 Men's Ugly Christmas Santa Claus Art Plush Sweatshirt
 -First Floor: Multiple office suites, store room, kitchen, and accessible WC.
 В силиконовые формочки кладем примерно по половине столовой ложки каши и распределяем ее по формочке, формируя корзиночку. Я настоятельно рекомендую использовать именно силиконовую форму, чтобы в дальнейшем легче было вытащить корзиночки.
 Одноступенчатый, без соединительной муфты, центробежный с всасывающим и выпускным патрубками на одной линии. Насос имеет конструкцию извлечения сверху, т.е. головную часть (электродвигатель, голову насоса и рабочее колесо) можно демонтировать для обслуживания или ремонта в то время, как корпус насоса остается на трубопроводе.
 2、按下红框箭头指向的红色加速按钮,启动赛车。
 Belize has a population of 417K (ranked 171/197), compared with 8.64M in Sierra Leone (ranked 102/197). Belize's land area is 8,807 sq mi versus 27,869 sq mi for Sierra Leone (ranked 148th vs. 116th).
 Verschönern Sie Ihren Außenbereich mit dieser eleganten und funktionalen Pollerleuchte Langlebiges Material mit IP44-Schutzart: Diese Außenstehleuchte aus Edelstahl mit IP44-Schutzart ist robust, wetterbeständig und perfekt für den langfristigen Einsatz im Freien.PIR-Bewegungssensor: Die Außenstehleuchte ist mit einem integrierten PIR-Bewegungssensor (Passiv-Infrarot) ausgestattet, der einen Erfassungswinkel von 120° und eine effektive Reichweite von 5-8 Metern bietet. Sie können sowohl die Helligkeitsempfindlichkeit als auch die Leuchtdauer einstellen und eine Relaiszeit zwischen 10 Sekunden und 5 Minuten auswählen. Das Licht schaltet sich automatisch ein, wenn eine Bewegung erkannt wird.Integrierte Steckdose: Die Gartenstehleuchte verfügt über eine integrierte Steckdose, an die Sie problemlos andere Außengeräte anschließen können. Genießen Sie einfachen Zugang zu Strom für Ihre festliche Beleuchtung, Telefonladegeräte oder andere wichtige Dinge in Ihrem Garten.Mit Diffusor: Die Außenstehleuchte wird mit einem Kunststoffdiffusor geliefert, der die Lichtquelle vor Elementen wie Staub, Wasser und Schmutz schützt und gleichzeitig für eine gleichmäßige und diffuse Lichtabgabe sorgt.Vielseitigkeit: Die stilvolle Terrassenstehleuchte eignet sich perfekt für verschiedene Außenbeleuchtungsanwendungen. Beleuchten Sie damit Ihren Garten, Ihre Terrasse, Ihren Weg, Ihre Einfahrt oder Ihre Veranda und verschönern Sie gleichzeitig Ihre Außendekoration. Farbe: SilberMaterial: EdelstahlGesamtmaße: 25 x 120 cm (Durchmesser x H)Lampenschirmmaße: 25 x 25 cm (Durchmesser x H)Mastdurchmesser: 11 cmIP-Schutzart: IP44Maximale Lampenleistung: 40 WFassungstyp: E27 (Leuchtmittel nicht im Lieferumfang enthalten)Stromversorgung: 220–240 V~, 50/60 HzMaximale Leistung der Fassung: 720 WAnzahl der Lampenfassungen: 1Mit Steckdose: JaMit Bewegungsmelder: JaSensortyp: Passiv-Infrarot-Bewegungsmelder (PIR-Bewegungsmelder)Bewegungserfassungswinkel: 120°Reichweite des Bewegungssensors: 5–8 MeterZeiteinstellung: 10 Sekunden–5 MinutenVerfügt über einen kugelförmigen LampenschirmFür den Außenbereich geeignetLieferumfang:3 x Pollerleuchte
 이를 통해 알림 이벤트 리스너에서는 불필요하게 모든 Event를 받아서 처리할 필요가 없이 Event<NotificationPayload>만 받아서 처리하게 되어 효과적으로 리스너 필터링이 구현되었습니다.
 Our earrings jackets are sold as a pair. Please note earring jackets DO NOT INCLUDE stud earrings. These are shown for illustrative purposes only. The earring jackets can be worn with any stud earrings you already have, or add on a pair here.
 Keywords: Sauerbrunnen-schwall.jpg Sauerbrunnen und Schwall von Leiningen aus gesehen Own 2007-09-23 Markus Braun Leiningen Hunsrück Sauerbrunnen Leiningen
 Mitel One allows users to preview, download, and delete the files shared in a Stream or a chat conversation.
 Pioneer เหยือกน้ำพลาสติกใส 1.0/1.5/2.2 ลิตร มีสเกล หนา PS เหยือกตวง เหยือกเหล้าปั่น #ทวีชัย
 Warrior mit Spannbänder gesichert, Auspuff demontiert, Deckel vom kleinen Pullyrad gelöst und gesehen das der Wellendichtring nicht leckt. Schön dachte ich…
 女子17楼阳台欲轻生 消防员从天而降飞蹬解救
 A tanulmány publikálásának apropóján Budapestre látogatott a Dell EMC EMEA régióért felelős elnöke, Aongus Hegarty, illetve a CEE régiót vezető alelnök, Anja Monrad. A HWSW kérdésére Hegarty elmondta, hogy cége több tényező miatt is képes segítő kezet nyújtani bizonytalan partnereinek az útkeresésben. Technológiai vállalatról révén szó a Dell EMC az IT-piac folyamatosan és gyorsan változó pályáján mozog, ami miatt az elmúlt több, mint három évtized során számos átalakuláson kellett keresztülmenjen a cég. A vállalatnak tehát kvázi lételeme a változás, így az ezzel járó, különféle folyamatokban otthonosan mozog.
────────
> [Task objective] Exact duplication is required for the lines above, from the line that contains "2、按下红框箭头指向的红色加速按钮,启动赛车。" to the line that contains "Belize has a", inclusive; omit all others.

> [Solution for this problem]
 2、按下红框箭头指向的红色加速按钮,启动赛车。
 Belize has a population of 417K (ranked 171/197), compared with 8.64M in Sierra Leone (ranked 102/197). Belize's land area is 8,807 sq mi versus 27,869 sq mi for Sierra Leone (ranked 148th vs. 116th).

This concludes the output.